Using the listing below, retype exactly the lines starting at the one with "Still from the" and ending at the one with "1935 European Rowing", and include both.
BEGIN
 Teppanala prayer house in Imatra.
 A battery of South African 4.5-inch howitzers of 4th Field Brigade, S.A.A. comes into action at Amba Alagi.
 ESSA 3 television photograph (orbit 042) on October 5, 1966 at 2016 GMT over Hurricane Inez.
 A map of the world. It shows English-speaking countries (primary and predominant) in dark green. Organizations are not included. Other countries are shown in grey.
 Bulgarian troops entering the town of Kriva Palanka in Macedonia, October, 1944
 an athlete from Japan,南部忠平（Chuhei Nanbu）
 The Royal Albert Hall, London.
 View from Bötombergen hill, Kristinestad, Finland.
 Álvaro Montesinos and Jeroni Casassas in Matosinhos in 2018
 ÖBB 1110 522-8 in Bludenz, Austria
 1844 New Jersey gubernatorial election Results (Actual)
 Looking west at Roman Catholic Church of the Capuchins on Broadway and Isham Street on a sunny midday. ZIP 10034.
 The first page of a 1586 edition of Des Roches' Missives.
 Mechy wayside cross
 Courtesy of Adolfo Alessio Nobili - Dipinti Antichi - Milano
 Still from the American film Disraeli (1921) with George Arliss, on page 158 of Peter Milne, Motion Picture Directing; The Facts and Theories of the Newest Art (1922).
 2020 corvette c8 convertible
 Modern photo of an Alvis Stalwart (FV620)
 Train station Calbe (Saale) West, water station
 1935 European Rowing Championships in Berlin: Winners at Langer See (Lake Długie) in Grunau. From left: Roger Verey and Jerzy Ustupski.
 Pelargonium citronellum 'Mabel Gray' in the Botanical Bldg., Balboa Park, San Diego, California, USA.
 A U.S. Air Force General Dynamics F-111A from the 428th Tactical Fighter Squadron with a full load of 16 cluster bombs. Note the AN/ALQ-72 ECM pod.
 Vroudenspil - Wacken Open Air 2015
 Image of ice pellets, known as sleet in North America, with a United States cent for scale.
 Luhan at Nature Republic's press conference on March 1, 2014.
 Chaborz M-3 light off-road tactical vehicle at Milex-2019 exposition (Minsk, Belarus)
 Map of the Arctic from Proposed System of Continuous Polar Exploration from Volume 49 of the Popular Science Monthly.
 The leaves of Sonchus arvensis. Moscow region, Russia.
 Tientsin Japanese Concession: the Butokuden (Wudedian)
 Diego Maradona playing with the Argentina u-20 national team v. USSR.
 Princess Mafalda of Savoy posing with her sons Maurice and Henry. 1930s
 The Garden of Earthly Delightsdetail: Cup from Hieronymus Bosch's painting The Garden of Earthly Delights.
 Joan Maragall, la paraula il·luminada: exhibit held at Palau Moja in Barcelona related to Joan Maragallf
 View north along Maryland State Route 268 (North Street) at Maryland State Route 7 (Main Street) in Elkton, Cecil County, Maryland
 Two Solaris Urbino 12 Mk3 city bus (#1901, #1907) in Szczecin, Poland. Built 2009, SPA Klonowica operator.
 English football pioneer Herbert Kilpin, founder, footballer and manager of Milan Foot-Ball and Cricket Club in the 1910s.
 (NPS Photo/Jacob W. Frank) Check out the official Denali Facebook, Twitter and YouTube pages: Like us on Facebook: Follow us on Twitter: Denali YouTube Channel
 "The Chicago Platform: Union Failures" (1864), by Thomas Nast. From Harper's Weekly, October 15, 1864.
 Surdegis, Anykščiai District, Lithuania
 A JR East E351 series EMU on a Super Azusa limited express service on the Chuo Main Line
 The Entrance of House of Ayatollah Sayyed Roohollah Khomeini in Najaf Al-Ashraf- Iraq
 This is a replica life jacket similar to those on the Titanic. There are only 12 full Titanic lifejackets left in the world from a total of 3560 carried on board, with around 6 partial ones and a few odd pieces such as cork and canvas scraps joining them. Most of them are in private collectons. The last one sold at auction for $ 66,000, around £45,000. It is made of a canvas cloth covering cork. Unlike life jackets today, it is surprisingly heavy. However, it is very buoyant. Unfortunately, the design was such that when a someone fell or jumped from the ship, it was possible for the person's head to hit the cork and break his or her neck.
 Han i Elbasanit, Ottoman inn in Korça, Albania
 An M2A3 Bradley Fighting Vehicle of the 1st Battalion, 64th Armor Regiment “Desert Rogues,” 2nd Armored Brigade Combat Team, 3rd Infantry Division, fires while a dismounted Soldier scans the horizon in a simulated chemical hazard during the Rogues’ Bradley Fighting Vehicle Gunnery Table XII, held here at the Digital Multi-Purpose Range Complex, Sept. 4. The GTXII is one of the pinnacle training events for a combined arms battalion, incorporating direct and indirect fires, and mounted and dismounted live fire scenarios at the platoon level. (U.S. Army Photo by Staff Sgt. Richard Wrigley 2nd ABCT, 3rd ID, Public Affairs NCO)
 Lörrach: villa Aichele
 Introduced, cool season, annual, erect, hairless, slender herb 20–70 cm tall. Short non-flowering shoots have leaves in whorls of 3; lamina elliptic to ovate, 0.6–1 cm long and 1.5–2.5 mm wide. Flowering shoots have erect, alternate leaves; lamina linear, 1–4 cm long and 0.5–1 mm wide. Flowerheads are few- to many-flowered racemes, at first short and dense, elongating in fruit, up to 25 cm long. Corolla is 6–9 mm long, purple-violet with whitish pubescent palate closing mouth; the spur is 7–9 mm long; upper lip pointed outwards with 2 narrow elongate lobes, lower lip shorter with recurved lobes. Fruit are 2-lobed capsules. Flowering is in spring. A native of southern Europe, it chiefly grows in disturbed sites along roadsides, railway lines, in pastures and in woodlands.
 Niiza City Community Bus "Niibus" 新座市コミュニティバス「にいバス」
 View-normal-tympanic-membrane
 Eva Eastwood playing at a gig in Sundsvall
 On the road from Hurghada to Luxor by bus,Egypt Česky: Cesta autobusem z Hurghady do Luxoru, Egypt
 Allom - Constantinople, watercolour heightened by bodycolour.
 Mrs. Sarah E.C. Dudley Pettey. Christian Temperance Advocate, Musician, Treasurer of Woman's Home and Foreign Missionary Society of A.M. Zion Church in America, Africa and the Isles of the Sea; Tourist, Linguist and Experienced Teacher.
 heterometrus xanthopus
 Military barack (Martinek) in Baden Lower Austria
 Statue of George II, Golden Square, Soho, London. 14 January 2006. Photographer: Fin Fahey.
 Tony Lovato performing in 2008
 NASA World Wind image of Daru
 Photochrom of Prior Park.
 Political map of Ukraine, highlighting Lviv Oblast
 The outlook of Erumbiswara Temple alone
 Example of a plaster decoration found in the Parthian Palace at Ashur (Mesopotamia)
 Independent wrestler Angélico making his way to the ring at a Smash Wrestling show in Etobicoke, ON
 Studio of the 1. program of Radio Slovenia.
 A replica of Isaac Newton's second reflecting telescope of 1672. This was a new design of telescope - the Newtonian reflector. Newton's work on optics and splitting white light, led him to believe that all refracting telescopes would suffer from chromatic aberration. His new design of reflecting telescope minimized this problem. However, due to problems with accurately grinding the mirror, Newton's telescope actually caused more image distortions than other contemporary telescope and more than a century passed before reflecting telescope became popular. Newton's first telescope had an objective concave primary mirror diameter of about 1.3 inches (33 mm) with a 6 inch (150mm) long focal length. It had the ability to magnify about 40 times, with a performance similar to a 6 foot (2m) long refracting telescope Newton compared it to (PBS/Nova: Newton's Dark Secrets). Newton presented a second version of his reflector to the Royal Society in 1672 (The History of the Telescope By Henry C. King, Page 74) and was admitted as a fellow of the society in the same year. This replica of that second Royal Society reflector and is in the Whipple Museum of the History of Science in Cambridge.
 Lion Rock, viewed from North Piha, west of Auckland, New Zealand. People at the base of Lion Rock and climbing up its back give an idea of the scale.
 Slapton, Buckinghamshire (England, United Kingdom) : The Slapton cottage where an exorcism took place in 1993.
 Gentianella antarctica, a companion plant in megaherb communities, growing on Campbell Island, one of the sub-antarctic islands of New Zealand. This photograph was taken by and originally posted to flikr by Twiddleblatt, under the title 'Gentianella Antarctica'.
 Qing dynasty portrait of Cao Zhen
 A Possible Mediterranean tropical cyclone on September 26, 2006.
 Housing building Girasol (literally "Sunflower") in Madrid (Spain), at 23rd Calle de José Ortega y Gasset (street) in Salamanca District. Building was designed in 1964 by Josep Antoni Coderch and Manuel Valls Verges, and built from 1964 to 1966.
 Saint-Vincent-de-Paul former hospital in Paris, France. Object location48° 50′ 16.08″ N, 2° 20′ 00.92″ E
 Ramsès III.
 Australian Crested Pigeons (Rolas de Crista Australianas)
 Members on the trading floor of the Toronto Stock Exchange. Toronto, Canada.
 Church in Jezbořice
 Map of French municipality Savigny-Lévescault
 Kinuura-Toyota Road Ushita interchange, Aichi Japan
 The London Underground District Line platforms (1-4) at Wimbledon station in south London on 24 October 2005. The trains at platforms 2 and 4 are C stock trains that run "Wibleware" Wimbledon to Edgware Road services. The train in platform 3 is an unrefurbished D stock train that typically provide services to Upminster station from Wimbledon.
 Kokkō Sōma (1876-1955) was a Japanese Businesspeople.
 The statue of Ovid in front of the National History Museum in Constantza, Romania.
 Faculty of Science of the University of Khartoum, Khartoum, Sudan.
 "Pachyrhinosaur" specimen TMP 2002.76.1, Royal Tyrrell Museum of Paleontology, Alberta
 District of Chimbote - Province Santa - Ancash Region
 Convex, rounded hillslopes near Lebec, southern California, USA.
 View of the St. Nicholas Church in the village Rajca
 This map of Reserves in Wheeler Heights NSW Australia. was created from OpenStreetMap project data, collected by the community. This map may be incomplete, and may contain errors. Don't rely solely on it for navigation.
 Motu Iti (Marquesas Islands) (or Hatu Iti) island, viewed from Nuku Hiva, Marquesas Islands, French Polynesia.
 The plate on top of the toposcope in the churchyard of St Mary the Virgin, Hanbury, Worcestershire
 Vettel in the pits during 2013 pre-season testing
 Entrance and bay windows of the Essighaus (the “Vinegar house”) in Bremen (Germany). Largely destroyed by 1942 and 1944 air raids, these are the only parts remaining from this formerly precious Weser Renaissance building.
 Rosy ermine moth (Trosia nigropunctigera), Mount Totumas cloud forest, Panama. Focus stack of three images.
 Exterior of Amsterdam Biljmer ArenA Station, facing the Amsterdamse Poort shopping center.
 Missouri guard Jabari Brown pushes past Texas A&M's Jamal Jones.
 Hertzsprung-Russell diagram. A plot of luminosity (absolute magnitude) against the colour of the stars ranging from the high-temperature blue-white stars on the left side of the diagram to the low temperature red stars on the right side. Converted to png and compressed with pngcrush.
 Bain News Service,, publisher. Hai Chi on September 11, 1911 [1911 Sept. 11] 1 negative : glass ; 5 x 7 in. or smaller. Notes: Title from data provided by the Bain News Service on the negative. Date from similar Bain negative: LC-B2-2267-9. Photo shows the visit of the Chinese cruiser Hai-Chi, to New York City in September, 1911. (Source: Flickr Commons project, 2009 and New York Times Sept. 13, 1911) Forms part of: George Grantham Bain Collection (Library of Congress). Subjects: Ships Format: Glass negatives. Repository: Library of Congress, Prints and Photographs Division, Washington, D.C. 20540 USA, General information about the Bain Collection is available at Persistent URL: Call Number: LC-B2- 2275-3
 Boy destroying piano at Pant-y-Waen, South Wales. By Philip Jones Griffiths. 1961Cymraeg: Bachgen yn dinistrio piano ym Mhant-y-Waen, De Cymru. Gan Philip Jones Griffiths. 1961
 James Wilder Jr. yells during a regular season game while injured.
END
> **Response to the exercise**:
 Still from the American film Disraeli (1921) with George Arliss, on page 158 of Peter Milne, Motion Picture Directing; The Facts and Theories of the Newest Art (1922).
 2020 corvette c8 convertible
 Modern photo of an Alvis Stalwart (FV620)
 Train station Calbe (Saale) West, water station
 1935 European Rowing Championships in Berlin: Winners at Langer See (Lake Długie) in Grunau. From left: Roger Verey and Jerzy Ustupski.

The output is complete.